DATA EXTRACTS:
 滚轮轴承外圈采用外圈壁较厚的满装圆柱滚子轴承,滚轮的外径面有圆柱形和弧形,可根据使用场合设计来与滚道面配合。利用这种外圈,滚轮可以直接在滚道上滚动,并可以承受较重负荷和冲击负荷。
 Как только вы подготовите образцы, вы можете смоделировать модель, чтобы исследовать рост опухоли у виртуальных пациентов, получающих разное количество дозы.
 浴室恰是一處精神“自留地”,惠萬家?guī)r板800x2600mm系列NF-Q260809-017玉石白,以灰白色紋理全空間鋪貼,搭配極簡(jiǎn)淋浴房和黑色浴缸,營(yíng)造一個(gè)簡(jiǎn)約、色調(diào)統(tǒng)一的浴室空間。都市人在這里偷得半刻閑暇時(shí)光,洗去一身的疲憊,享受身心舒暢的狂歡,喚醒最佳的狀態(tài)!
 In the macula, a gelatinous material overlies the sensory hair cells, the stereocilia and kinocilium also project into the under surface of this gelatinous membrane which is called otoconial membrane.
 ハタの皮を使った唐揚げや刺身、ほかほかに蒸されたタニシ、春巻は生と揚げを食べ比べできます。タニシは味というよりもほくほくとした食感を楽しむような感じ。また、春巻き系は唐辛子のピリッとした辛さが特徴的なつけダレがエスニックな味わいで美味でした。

---

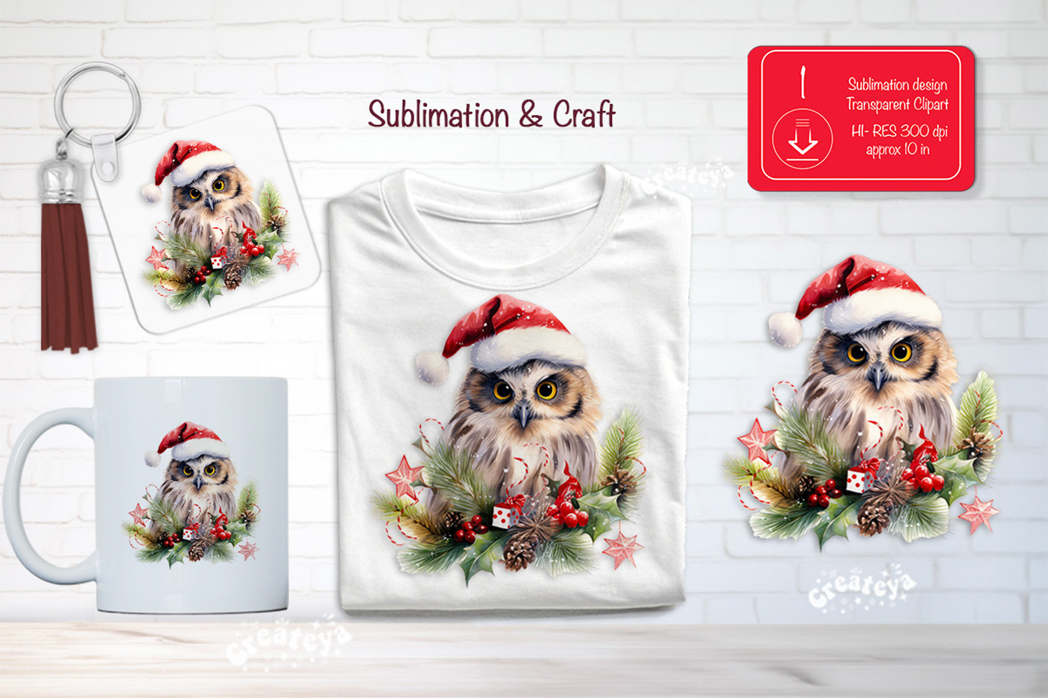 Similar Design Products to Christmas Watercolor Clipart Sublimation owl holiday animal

---

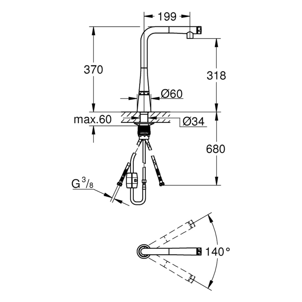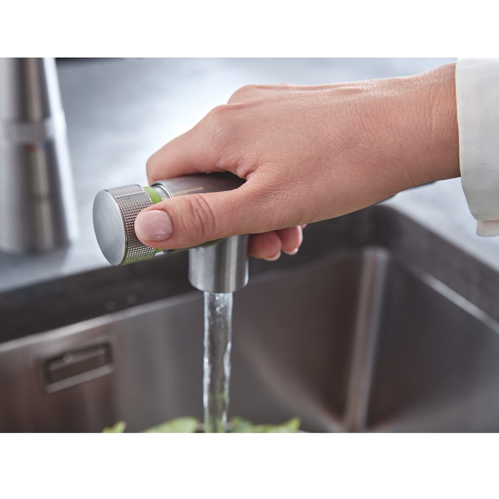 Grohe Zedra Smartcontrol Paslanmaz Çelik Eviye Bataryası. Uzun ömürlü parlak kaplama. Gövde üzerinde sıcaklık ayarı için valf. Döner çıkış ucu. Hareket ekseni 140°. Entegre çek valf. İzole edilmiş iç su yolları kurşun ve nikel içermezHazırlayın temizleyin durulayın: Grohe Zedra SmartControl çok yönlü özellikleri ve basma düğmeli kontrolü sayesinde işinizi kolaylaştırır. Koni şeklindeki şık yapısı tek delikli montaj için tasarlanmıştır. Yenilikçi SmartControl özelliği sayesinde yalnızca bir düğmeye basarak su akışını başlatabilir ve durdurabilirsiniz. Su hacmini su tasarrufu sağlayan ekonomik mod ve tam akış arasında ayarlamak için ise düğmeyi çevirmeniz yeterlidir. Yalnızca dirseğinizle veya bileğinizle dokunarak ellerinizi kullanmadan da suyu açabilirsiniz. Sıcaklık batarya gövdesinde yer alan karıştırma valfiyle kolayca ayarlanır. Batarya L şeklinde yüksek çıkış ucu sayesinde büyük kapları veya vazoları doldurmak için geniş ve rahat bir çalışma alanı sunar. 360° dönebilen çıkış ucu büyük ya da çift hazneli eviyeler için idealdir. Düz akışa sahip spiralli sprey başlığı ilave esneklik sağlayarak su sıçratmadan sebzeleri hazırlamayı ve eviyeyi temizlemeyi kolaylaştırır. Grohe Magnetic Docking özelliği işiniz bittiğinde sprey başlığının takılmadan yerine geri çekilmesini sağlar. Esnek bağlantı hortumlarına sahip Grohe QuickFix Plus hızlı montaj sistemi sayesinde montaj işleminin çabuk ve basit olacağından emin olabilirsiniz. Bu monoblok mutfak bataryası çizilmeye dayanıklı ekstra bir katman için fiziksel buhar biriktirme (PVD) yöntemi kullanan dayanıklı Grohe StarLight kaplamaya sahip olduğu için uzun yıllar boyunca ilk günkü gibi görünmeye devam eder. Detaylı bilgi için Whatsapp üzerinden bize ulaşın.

EXERCISE DESCRIPTION:
Return a word-for-word copy of the lines above from the one holding "滚轮轴承外圈采用外圈壁较厚的" through the one holding "Как только вы", with both of them included and nothing besides.

EXPECTED ANSWER:
 滚轮轴承外圈采用外圈壁较厚的满装圆柱滚子轴承,滚轮的外径面有圆柱形和弧形,可根据使用场合设计来与滚道面配合。利用这种外圈,滚轮可以直接在滚道上滚动,并可以承受较重负荷和冲击负荷。
 Как только вы подготовите образцы, вы можете смоделировать модель, чтобы исследовать рост опухоли у виртуальных пациентов, получающих разное количество дозы.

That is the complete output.